Glencore top brass win as record profits point to deals

Keeping faith: Ivan Glasenberg’s bet has paid off after he invested in an emergency share placing in 2015: Arnd Wiegmann/Reuters
Keeping faith: Ivan Glasenberg’s bet has paid off after he invested in an emergency share placing in 2015: Arnd Wiegmann/Reuters

Glencore chief Ivan Glasenberg had a swagger in his step on Wednesday as his mining and trading giant bounced back to post record profits and give a bumper payout to shareholders.

Swiss-based Glencore said 2017 was its best year as annual adjusted profits rose by 44% to $14.8 billion (£10.6 billion. Commodities including copper, coal, zinc and cobalt climbed in price following their 2015 rout.

Glencore will reward its shareholders for their patience with a $2.9 billion dividend payout.

Just two years ago Glencore was forced to raise $2.5 billion through an emergency share placing. Senior executives bought a large proportion of the shares and have seen their bet handsomely rewarded, with the shares reaching 393p today, compared with a rights issue price of 125p.

Glasenberg, chief executive and second-largest shareholder, spent $211 million on shares, now worth $453 million. Telis Mistakidis, head of copper has turned $80 million into $172 million and Daniel Mate, head of zinc, has turned $81 million into $174 million.

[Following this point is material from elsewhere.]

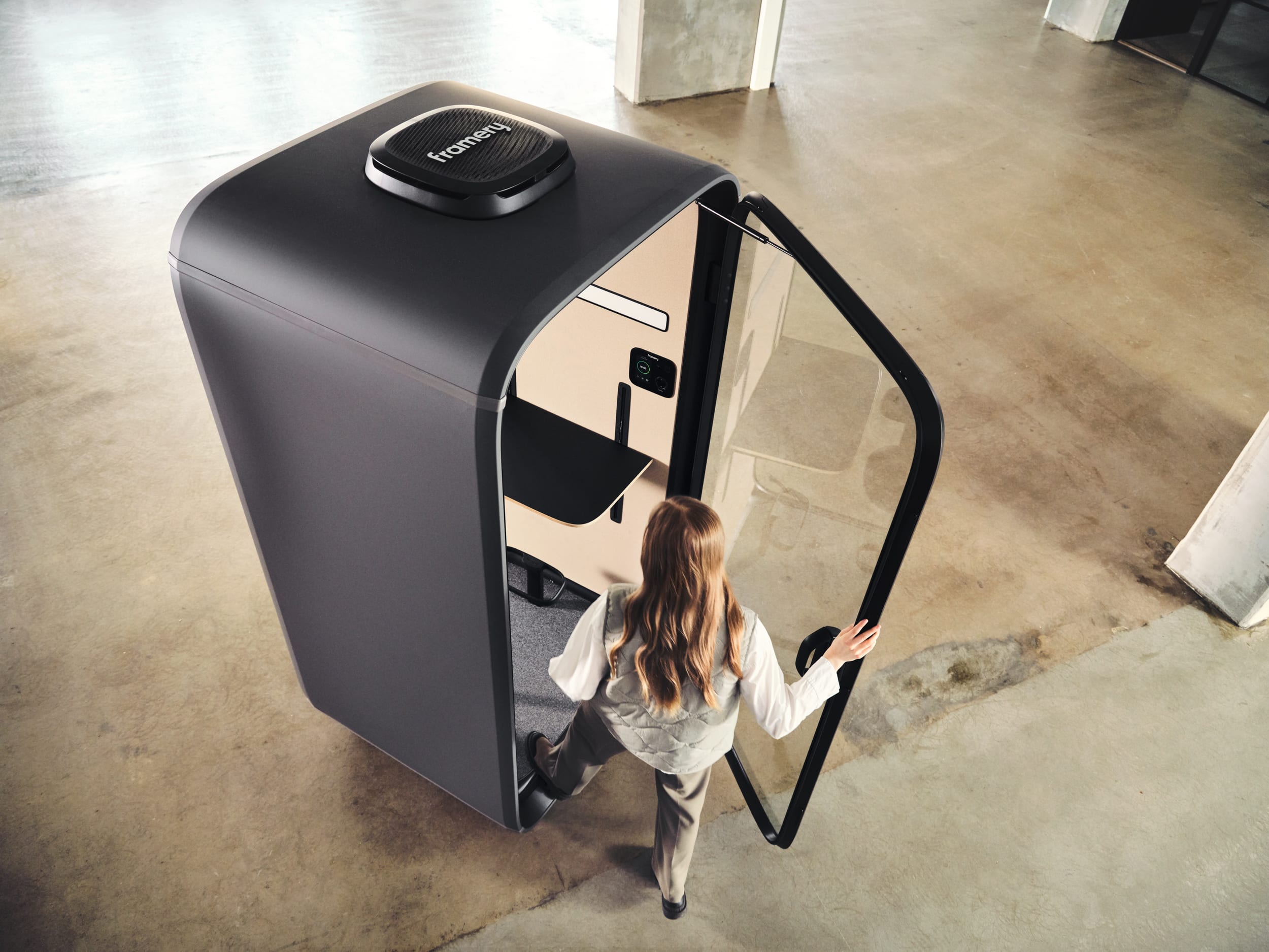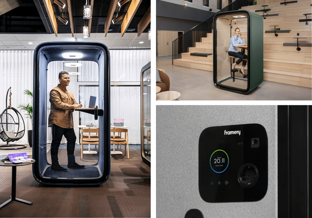 Workdays that flow with ease – Framery One has been purposefully designed to make your workdays flow easier. Automatically reserve a vacant pod by stepping inside, or book it in advance or on-the-fly from the Framery app. Extend your reservation directly from the pod’s touchscreen, or adjust your booking through the app.

Glasenberg said that there was even firepower for deals. “There is room if and when we want to do any acquisitions,” he said. Glencore, which is expanding its agriculture arm, spent $4 billion on acquisitions in the past year. Net debt fell 31% to $10.7 billion, the bottom of the $10 billion to $16 billion target range. At one point Glencore’s net debt reached $37 billion, after it bought Xstrata in 2014, and threatened to bring down the company.

Higher commodity prices and a strong performance from the powerful “marketing”, or trading arm were the main driver of profits.